No. 8 in a series on major and minor occidental taboos


Subtle Influence

The subject here is not manipulation of entire people by charismatic leader figures. Rather, it is about the compliance of the masses with something that "one" does. The string-pullers in this kind of manipulation are clever and specialised managers, who succeed in maneuvering their unaware target public into a specific behaviour. I'm talking about that kind of manipulation.

The Restaurant Trick

This paragraph refers only to European restaurants.

As students of the great Brillat-Savarin and other exponents of French cuisine, we have learned that salad is a side-dish to the main course. There are excellent culinary reasons for that.

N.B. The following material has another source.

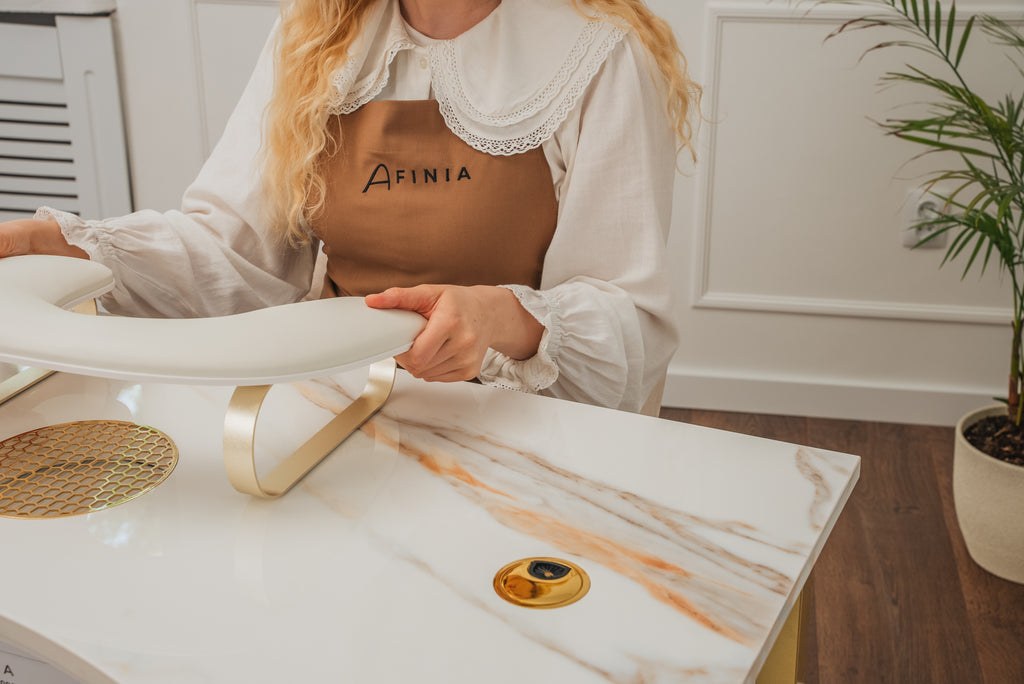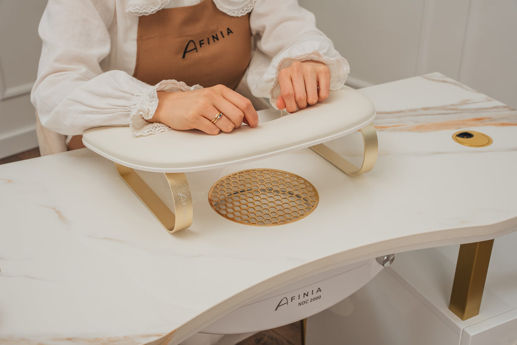 Stilīgs un funkcionāls roku balsts, kas izstrādāts, domājot gan par meistara, gan klienta ērtībām. Tā ergonomiskā konstrukcija nodrošina stabilu un ērtu roku atbalstu, padarot manikīra un nagu modelēšanas procesu vieglāku un precīzāku. Izgatavots no izturīgiem materiāliem, kas ir noturīgi pret acetonu, augstu temperatūru un netīrumiem, nodrošinot ilgmūžīgu lietošanu un vienkāršu kopšanu.

However, about 15 years ago this rule was sacrificed to restaurant efficiency. The bait today is "Would you like a salad to start with?" And you take it "to start with", the salad, as suggested: together with the wine, which has been silently evaporating on your table. So diners are kept busy and can satisfy their appetite with bread while waiting for their plates of choice. We have now found the reason why salad has suddenly been declared an entry dish, namely the impatience of waiting guests causing inn-keepers to serve something that is quickly prepared. That is why all of us now have to enjoy our salad before dinner, not new nutritional discoveries. Indeed, waiting for the food is a problem for many guests and inn-keepers. Once more the English solution seems preferrable to me. While you talk in the adjoining cozy pub or library the hostess asks you to table with a friendly "Dinner is served". No waiting there. Now that is culture. So you walk to the restaurant and enjoy your meal without the preceding stress.
As my mother used to say: "The first sip of your beer is unsurpassed by those that follow". The first bite into a tender bit of meat, too, seems to give a pleasure whose intensity is not repeated by subsequent bites. If my first bites are into salad, the Filet Bourguinionne following later is at best a hunger quencher and may as well be one of those fastfood horrors.

In the 15 years following the introduction of the salad-manipulation I succeeded in meeting a total of two people who a) remember salad as a side-dish and b) will not accept being ruled when to eat their salad. The remainder seem satisfied following what they are so charmingly suggested to do.